Donald Trump Reportedly Plans to Gut the Drug Czar's Office

His drug czar nominee has bowed out, and the agency's budget is allegedly slated for a buzzcut.


Rep. Tom Marino (R-Penn.) announced yesterday that he won't be the first drug czar of the Trump era. "Due to a critical illness in my family, I have, with regret and the utmost respect, informed the White House that I must withdraw my name from consideration for Director of the Office of National Drug Control Policy," Marino said in a statement.

Who will Trump nominate in his stead? It might not matter. Politico's Dan Diamond reports that Trump plans to reduce the agency's budget by 95 percent:

Only Congress can abolish the Office of National Drug Control Policy, but Trump can certainly slash its budget. And while Diamond's tweets suggests that the ONDCP plays a pivotal role in addressing the opioid crisis, there are plenty of actual harm reduction advocates who would be happy to see the agency close up shop. (Update: Diamond has the full numbers out in a piece at Politico. The ONDCP's budget would decrease from $388 million to $24 million; the high-intensity drug-trafficking program and drug-free communities support program would be "zeroed out completely"; and the 70-person staff could be reduced by as many as 33 positions.)

"If Trump's volunteering to abolish the office, I say, 'Go for it,'" Ethan Nadelmann told Pacific Standard in February (the first time we heard rumors of the agency's demise).

The former executive director of the Drug Policy Alliance, Nadelmann was advocating medication-assisted therapy, maintenance doses of heroin, clean needle exchanges, and safe injection facilities long before Obama's first drug czar conceded that America could not arrest its way out of the drug problem. Nadelmann continued to call for those evidence-based, life-saving policies after the federal government continued trying exactly what it says it can't successfully do. And you know what? He's likely right that no Trump appointee will embrace meaningful drug policy reform.

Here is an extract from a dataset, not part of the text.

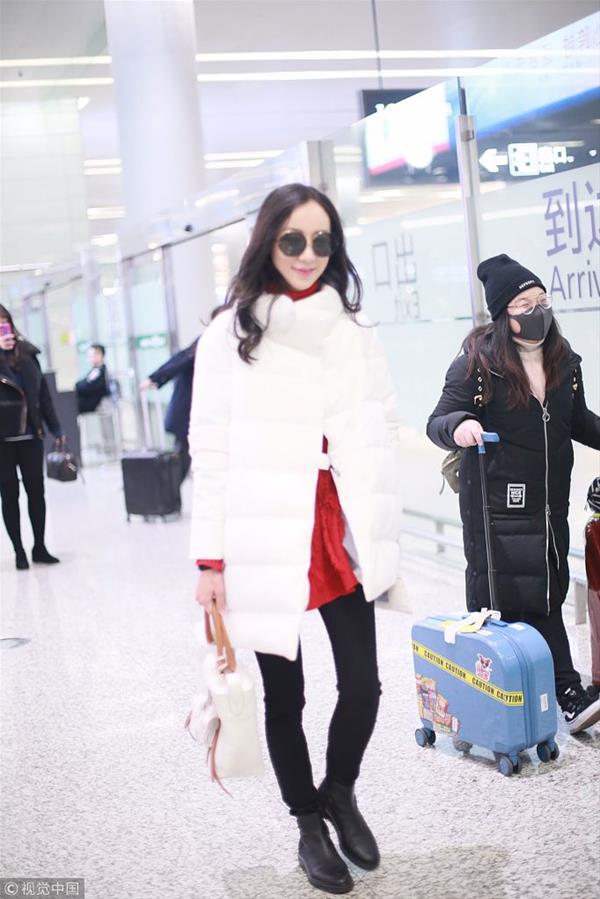新华网2019年1月8日讯 2019年1月7日,韩雪现身机场。(图片来源:视觉中国)

Michael Botticelli, Obama's last drug czar, came close. He supported expanding access to naloxone, the overdose-reversal drug, but was reactionary on marijuana. Thus far, Trump's vision for American drug policy makes Michael Botticelli look like Tommy Chong. Marino floated putting drug offenders in "hospital-slash-prison." Gov. Chris Christie, who Trump appointed to head up a special commission on opioids, recently said that marijuana reformers want to "poison our kids" for "blood money." And then there's Rodrigo Duterte, president of the Philippines. In December, Trump declared that Duterte, who has overseen thousands of extrajudicial murders of drug users and sellers, was fighting the drug war the "right way." He's since invited Duterte to visit the U.S.

Diamond's report this morning, like the Standard's story from February, is pegged to White House documents. Normally, smoke means fire. But on the ONDCP question, I can't tell whether the smoke is emanating from a wastebasket or a dumpster. The agency's website is still blank. Current employees are largely unreachable (though welcome to email me!). Former ONDCP employees have told me their contacts at the agency have gone silent. But you know what federal agency with drug policy ramifications is not dormant? The Justice Department.

Attorney General Jeff Sessions has been touring the country promoting increased enforcement and belitting the effectiveness of treatment. The DEA is seeking to build its own corps of prosecutors separate from the U.S. Attorney system. The Justice Department is staffing up with tough-on-crime types who plan to roll back Attorney General Eric Holder's Smart on Crime initiative, which actually did reduce the federal prison population and the use of mandatory minimums for most drug (but not all) drugs.

In the grand scheme of the drug war, who might occupy the ONDCP's bully pulpit matters less than the army Sessions is building.